In March I built a collector that could survive websockets, reconnects, and clock drift.

In April I learned the uncomfortable truth: datasets are not neutral. The schema, missingness rules, and integrity checks decide what your model is allowed to learn.

Now it is May, and it is time to do the thing everyone hand-waves:

feature engineering - but with microstructure discipline.

Not "RSI" and "MACD". Not vibes.

I want signals that match the mechanics: liquidity being created and removed, because that is what every participant is doing, every second.

This series is research + engineering documentation, not financial advice. I am building systems, measuring behavior, and learning where assumptions break - not recommending trades.

The core feature this month

Liquidity created/removed: net depth change at best bid/ask + near levels, aggregated over time windows.

The key mindset shift

Features are sensors, not indicators. If I cannot explain what market action produces a feature, I do not trust it.

The anti-leakage rule

Every feature must be computable from past + present messages only.
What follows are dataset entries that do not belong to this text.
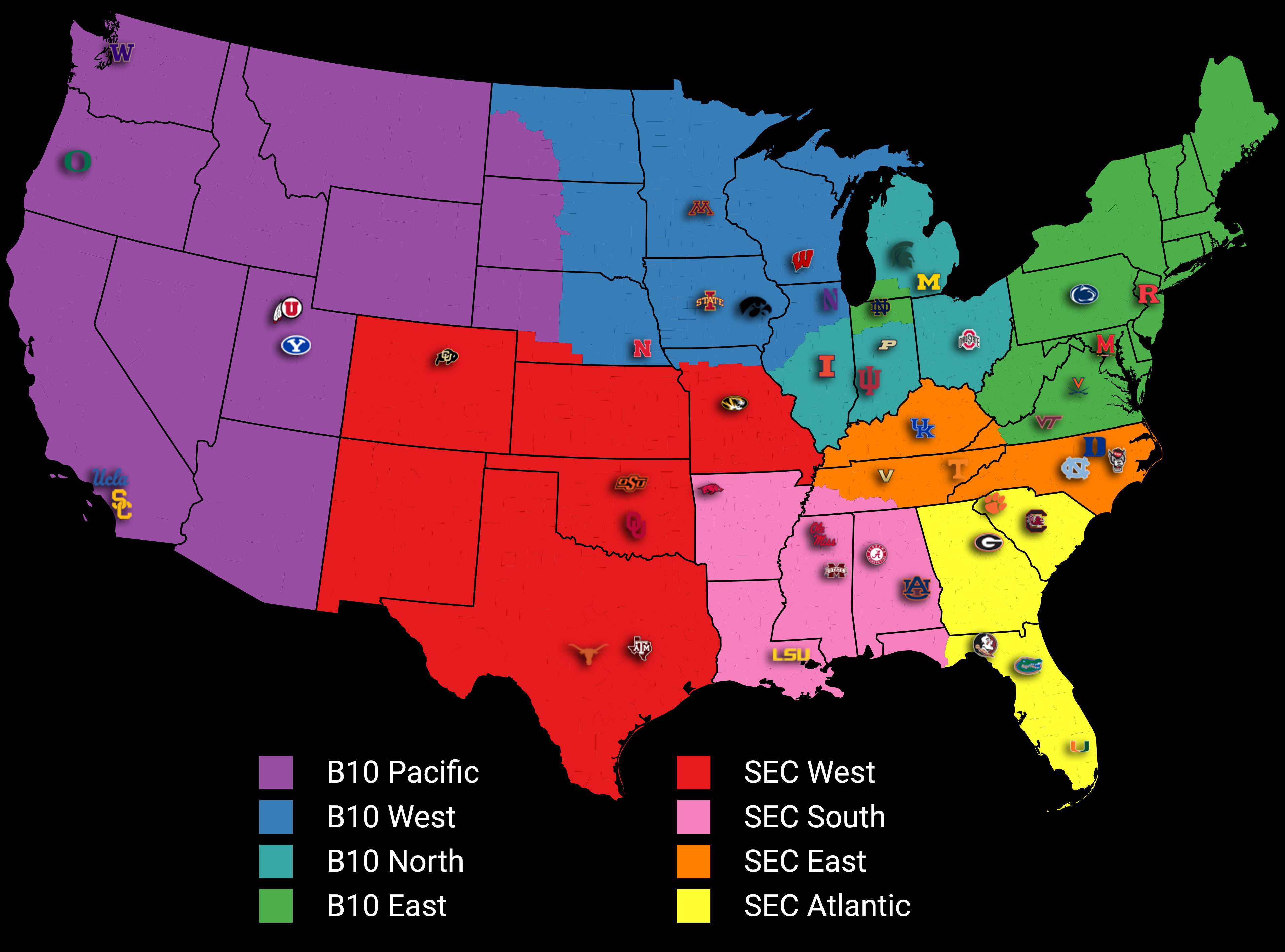 Seams like every report I hear about what the B10 and SEC talking with each other and trying to figure things out to be more competitively balanced while trying to minimize the other conferences, just furthers my thoughts and confirms all the rumors. Thats once their TV deals are done in 2030. They are going to branch off and form their own sub division.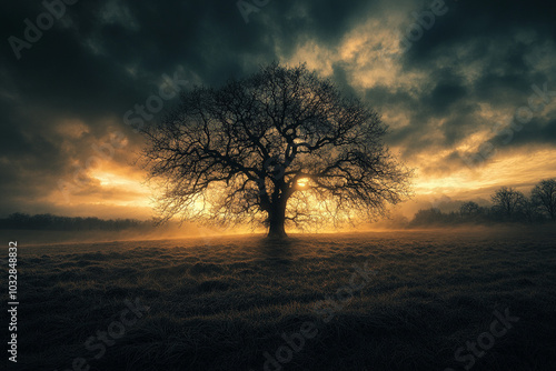 © AlexandraDaryl, Fototapeta premium Tree in the field generative AI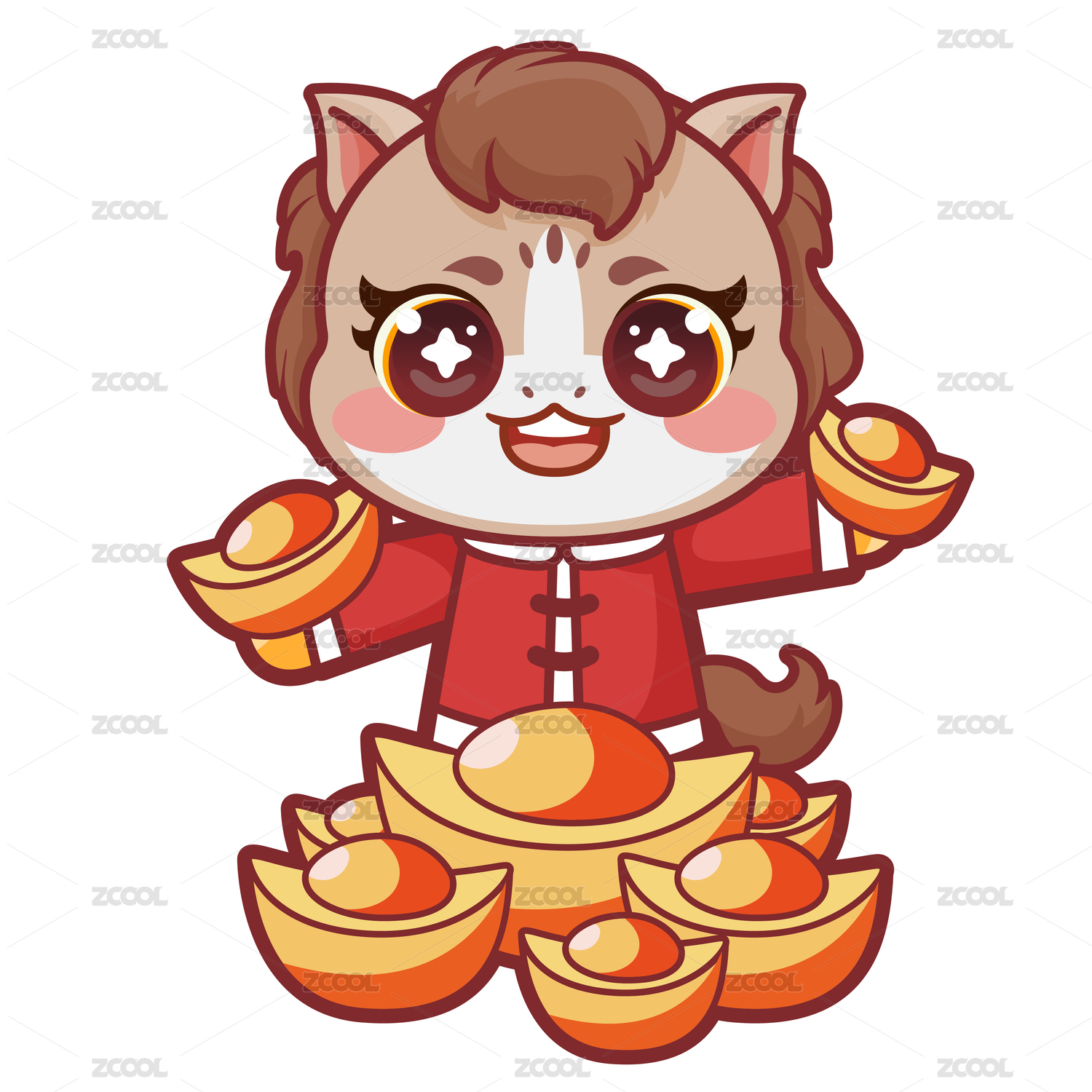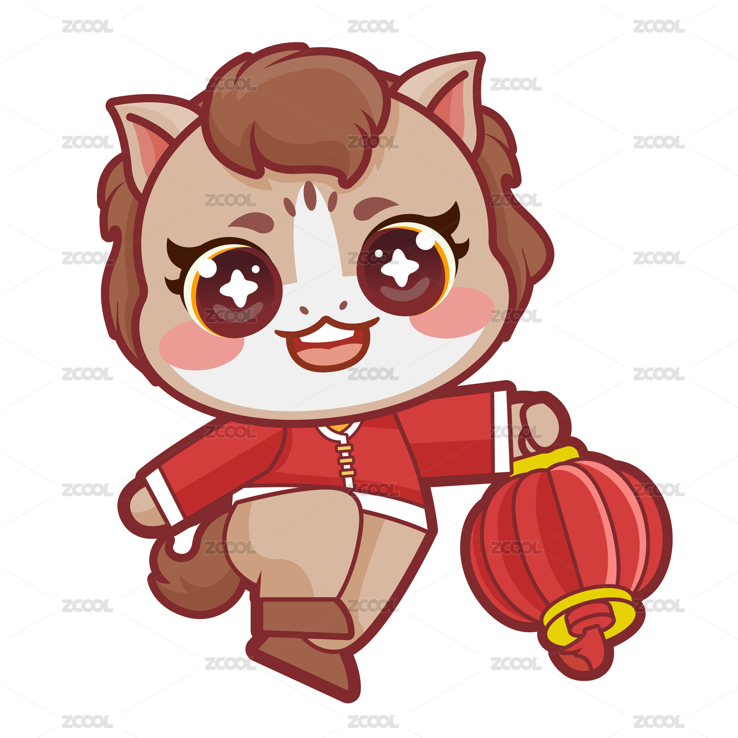 午马生肖马年卡通矢量插画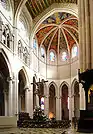Durante a segunda metade do século XVIII, as catedrais góticas foram objeto de numerosas reformas tanto interiores como exteriores. O objeto era variado, quer ocultar o templo anterior que se acreditava velho e inapropriado, quer incluir elementos artísticos compartilhados nas capelas, quer atuações em contraste com o templo anterior.[67] No primeiro caso encontra-se a fachada principal da Catedral de Pamplona, realizada por Ventura Rodríguez, considerada a obra mais importante da sua última época.[68] No terceiro caso, está a capela de Juan de Palafox e Mendoza na catedral do Burgo de Osma. Construída num espaço diferente detrás do altar-mor, contrapõem o novo e o velho, como se se tratar de dois templos diferentes de épocas diferentes. A Coroa aportou à capela os arquitetos mais prestigiosos do momento, Juan de Villanueva que a projetou e Sabatini que desenhou um plano para concluí-la.[69]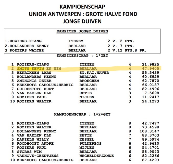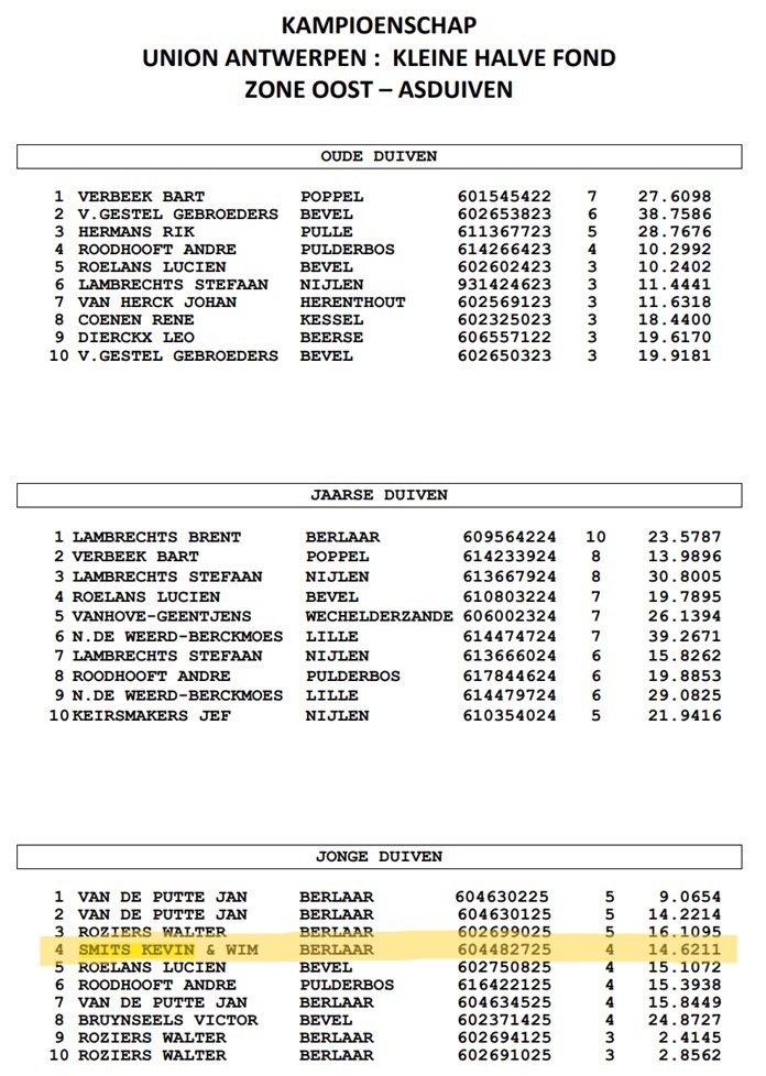 2e KAMPIOEN JONGE DUIVEN 1-2-3e get KLEINE HALVE FOND 2025 samenspel UNION ANTWERPEN ZONE OOST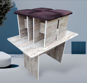 Многофункциональный стол-комод с мягкими сиденьями - Конструкция 2-в-1: нижняя часть — устойчивый стол/консоль из ЛДСП под текстуру светлого дерева; верхняя — четыре отдельные табурета со мягкими ...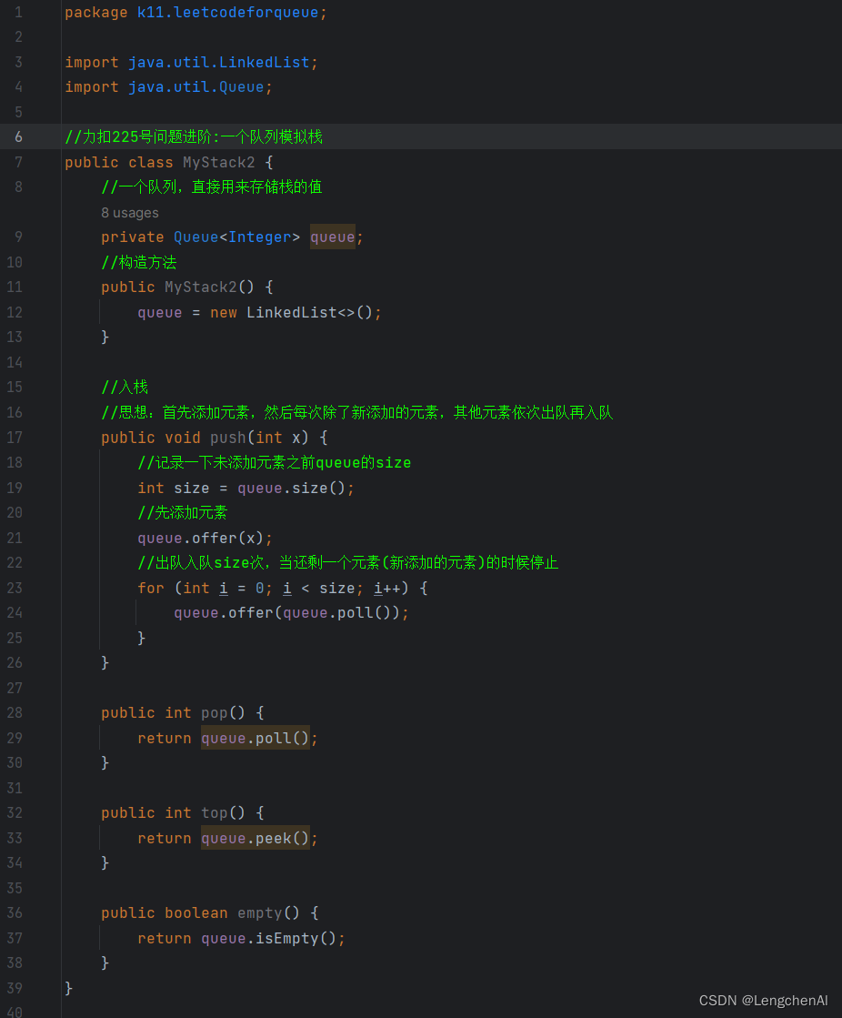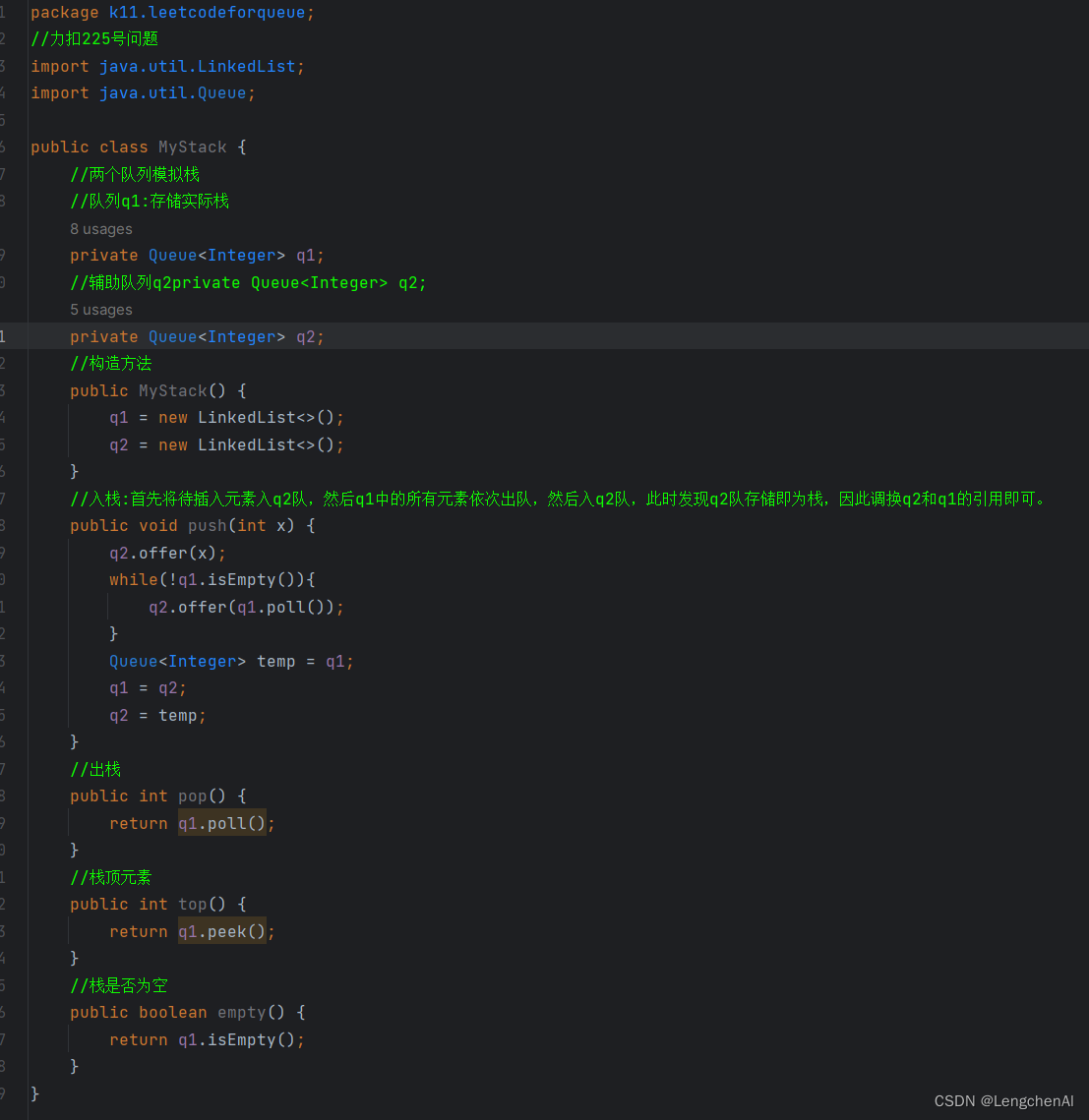 2. 两个队列来模拟实现栈:225. 用队列实现栈 - 力扣(Leetcode)

No future bars, no "oops I used the close".

Repo focus

Feature computation lives in SnapshotManager (collector + live bot):

Collector/SnapshotManager.py
Chappie/SnapshotManager.py

The microstructure view of signal

At the order-book level, signal is not mystical.

It is mostly three things:

Liquidity gets posted (limit orders appear)
Liquidity gets removed (cancels and market orders)
The queue decides who actually gets filled (time/price priority)

A lot of ML trading features ignore this and operate on price series as if price is the primary object.

But on BitMEX, price is an output of the matching engine.

The book is the input.

So I want features that track how the book changes.

Terminology

Maker: an order that adds liquidity to the book (usually a limit order).
Taker: an order that removes liquidity immediately (market order or aggressive limit order).
Spread: best ask minus best bid.
Depth: the amount of size available at price levels near the top of book.

Why liquidity created/removed is the first feature family I trust

The simplest story:

When buyers are eager, they remove ask liquidity.
When sellers are eager, they remove bid liquidity.
When participants are positioning without urgency, they add liquidity and wait.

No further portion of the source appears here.